How to complete this task:
Every entry needs to be written out again exactly, with its pictures removed.

Records provided:
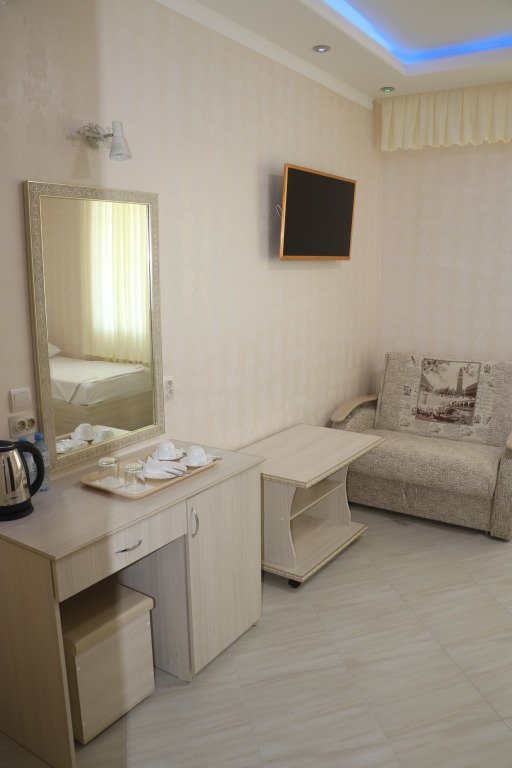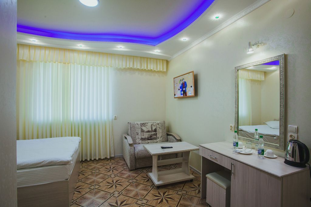 спутниковое телевидение, кабельное телевидение, Wi-Fi, холодильник, кондиционер, фен, будильник, утюг, ванная комната, санузел, банные полотенца, тапочки, гигиенические средства, две односпальные кровати, тумбы, шкаф для одежды, журнальный столик, зеркало, пуфики, звуконепроницаемые стены и окна, чайный набор, сейф, минеральная вода, чайник, унитаз, раковина, вид на город, стаканы, туалетный столик, туалетные средства, туалет, диван-кровать, раскладное кресло, телевизор с плоским экраномВ гостиничном номере
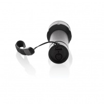 The Flara USB-rechargeable torch is a compact and reliable lighting solution for everyday use. Its matte black body, made from 46% RCS recycled ABS, houses a rechargeable 500 mAh Lithium battery, providing up to 6 hours of operating time and recharging in 1 hour 40 minutes via the included 30 cm black USB-C to USB-C RCS RTPE cable. The torch features a single XPE light with three modes: 100%, 50%, and flashing, producing 80 lumens at 1W. A black polyester carry loop allows for easy portability. The case is made from RCS certified recycled ABS plastic. RCS (Recycled Claim Standard) is a standard to verify the recycled content of a product throughout the whole supply chain. Total recycled content: 46 % based on total item weight. This torch is PVC-free and packaged in an FSC? certified kraft box. | Input current: 5V / 1A.
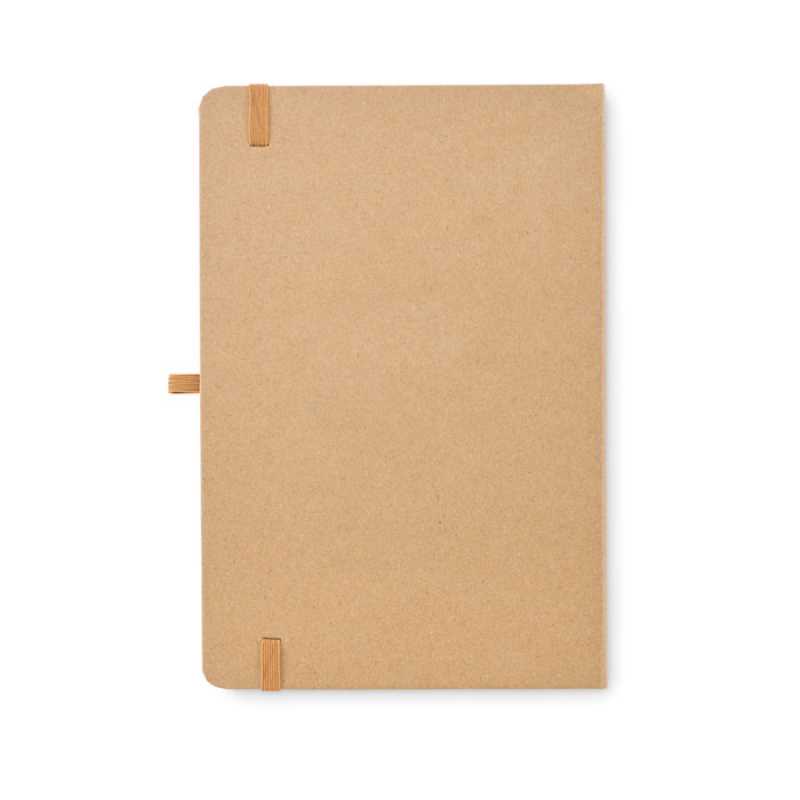 Zápisník A5 v tvrdých PVC deskách. 192 čtverečkovaných stránek (96 listů) recyklovaného papíru. Uzavírací gumička a záložka.
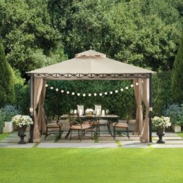 - They create the feeling of a room. These are not your old fashioned gazebos. They can be purchased at a very reasonable price and are easy to assemble. Gazebos are nice because they provide shade as well as screening to keep the bugs out. You can make it your own by adding swags of drapery. Be sure to use fabric that is made for the outside elements. This way they won’t be damaged by the rain and sun. You will want to take the gazebo down after the season to store for next year.
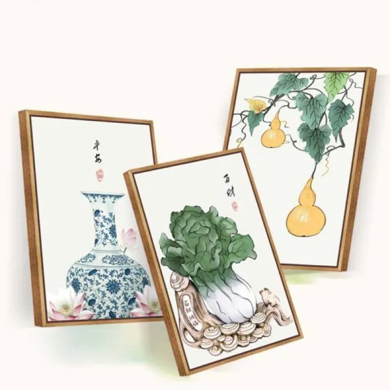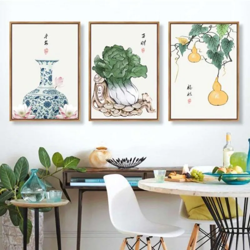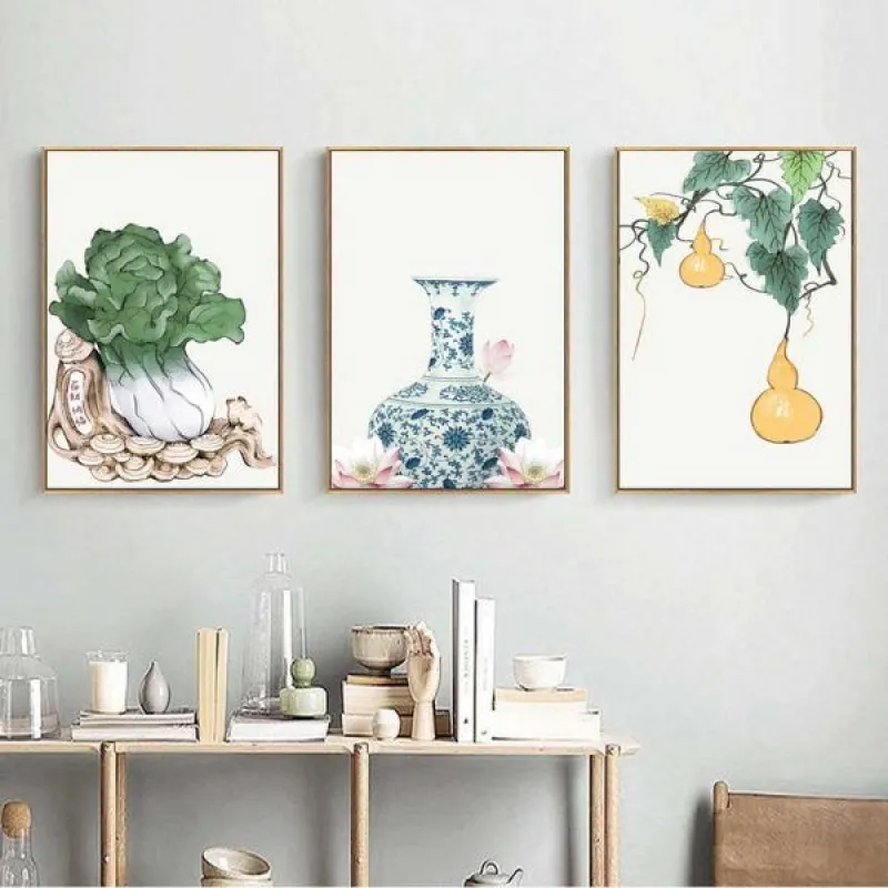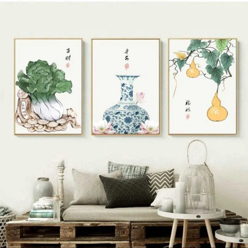 Tranh in canvas phong thủy bình hoa, bắp cải và hồ lô đều là những vật tượng trưng cho của cải và tài lộc. Bình gốm thường được gọi là lục bình hay lộc bình, chữ lộc trong lộc bình có nghĩa là tài lộc. Còn bắp cải thì tượng trưng cho của cải, sự giàu sang nên thường được dùng để tặng các doanh nghiệp khai trương văn phòng hay cơ sở làm ăn. Hồ lô, theo truyền thuyết thì dùng để chứa linh đơn, thuốc tiên nên được coi là biểu tượng cho sức khỏe. Như vậy với bộ tranh này có thể xem như là đem lại sự may mắn, của cải và sức khỏe cho gia đình. Tranh thích hợp treo ở phòng khách, phòng làm việc, phòng ngủ, hoặc làm quà tặng tân gia hay khai trương…
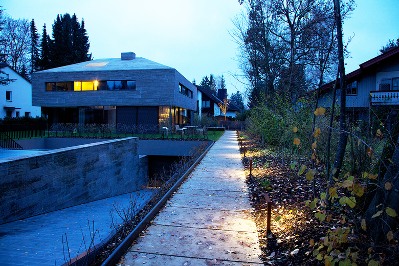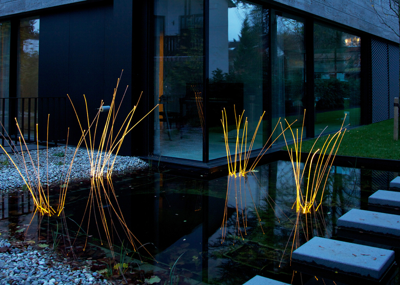 durch eine indirekte Wegebeleuchtung zum Hauseingang geführt; ein Teich wurde mit der Glasfaser-Sonderleuchte "Munich Reeds" in ein poetisches, schimmerndes Lichtobjekt verwandelt. Im Spa- und Wohnbereich sorgen blendungsbegrenzte Downlights für hohen visuellen Komfort, im indirekt beleuchteten Treppenhaus schwebt ein "Hausgeist" im Treppenauge: ein hochglanzpolierter Tropfen aus poliertem Aluminum, der von unten angestrahlt wird. Die Zimmer und Bäder der Familie werden durch ein speziell für das Projekt gestaltete "Leuchtenfamilie" erhellt: spielerisch in verschieden Höhen und Winkeln abgependelt, sorgen Leuchten mit farbigen Stoffschirmen und Stoffkabeln für direktes und allgemeines Licht. Sie sind flexibel an einem Hakenraster fixiert und begleiten das Wachstum (der Kinder) ebenso wie weitere Veränderungen innerhalb der Räume.

The answer:
 спутниковое телевидение, кабельное телевидение, Wi-Fi, холодильник, кондиционер, фен, будильник, утюг, ванная комната, санузел, банные полотенца, тапочки, гигиенические средства, две односпальные кровати, тумбы, шкаф для одежды, журнальный столик, зеркало, пуфики, звуконепроницаемые стены и окна, чайный набор, сейф, минеральная вода, чайник, унитаз, раковина, вид на город, стаканы, туалетный столик, туалетные средства, туалет, диван-кровать, раскладное кресло, телевизор с плоским экраномВ гостиничном номере
 The Flara USB-rechargeable torch is a compact and reliable lighting solution for everyday use. Its matte black body, made from 46% RCS recycled ABS, houses a rechargeable 500 mAh Lithium battery, providing up to 6 hours of operating time and recharging in 1 hour 40 minutes via the included 30 cm black USB-C to USB-C RCS RTPE cable. The torch features a single XPE light with three modes: 100%, 50%, and flashing, producing 80 lumens at 1W. A black polyester carry loop allows for easy portability. The case is made from RCS certified recycled ABS plastic. RCS (Recycled Claim Standard) is a standard to verify the recycled content of a product throughout the whole supply chain. Total recycled content: 46 % based on total item weight. This torch is PVC-free and packaged in an FSC? certified kraft box. | Input current: 5V / 1A.
 Zápisník A5 v tvrdých PVC deskách. 192 čtverečkovaných stránek (96 listů) recyklovaného papíru. Uzavírací gumička a záložka.
 - They create the feeling of a room. These are not your old fashioned gazebos. They can be purchased at a very reasonable price and are easy to assemble. Gazebos are nice because they provide shade as well as screening to keep the bugs out. You can make it your own by adding swags of drapery. Be sure to use fabric that is made for the outside elements. This way they won’t be damaged by the rain and sun. You will want to take the gazebo down after the season to store for next year.
 Tranh in canvas phong thủy bình hoa, bắp cải và hồ lô đều là những vật tượng trưng cho của cải và tài lộc. Bình gốm thường được gọi là lục bình hay lộc bình, chữ lộc trong lộc bình có nghĩa là tài lộc. Còn bắp cải thì tượng trưng cho của cải, sự giàu sang nên thường được dùng để tặng các doanh nghiệp khai trương văn phòng hay cơ sở làm ăn. Hồ lô, theo truyền thuyết thì dùng để chứa linh đơn, thuốc tiên nên được coi là biểu tượng cho sức khỏe. Như vậy với bộ tranh này có thể xem như là đem lại sự may mắn, của cải và sức khỏe cho gia đình. Tranh thích hợp treo ở phòng khách, phòng làm việc, phòng ngủ, hoặc làm quà tặng tân gia hay khai trương…
 durch eine indirekte Wegebeleuchtung zum Hauseingang geführt; ein Teich wurde mit der Glasfaser-Sonderleuchte "Munich Reeds" in ein poetisches, schimmerndes Lichtobjekt verwandelt. Im Spa- und Wohnbereich sorgen blendungsbegrenzte Downlights für hohen visuellen Komfort, im indirekt beleuchteten Treppenhaus schwebt ein "Hausgeist" im Treppenauge: ein hochglanzpolierter Tropfen aus poliertem Aluminum, der von unten angestrahlt wird. Die Zimmer und Bäder der Familie werden durch ein speziell für das Projekt gestaltete "Leuchtenfamilie" erhellt: spielerisch in verschieden Höhen und Winkeln abgependelt, sorgen Leuchten mit farbigen Stoffschirmen und Stoffkabeln für direktes und allgemeines Licht. Sie sind flexibel an einem Hakenraster fixiert und begleiten das Wachstum (der Kinder) ebenso wie weitere Veränderungen innerhalb der Räume.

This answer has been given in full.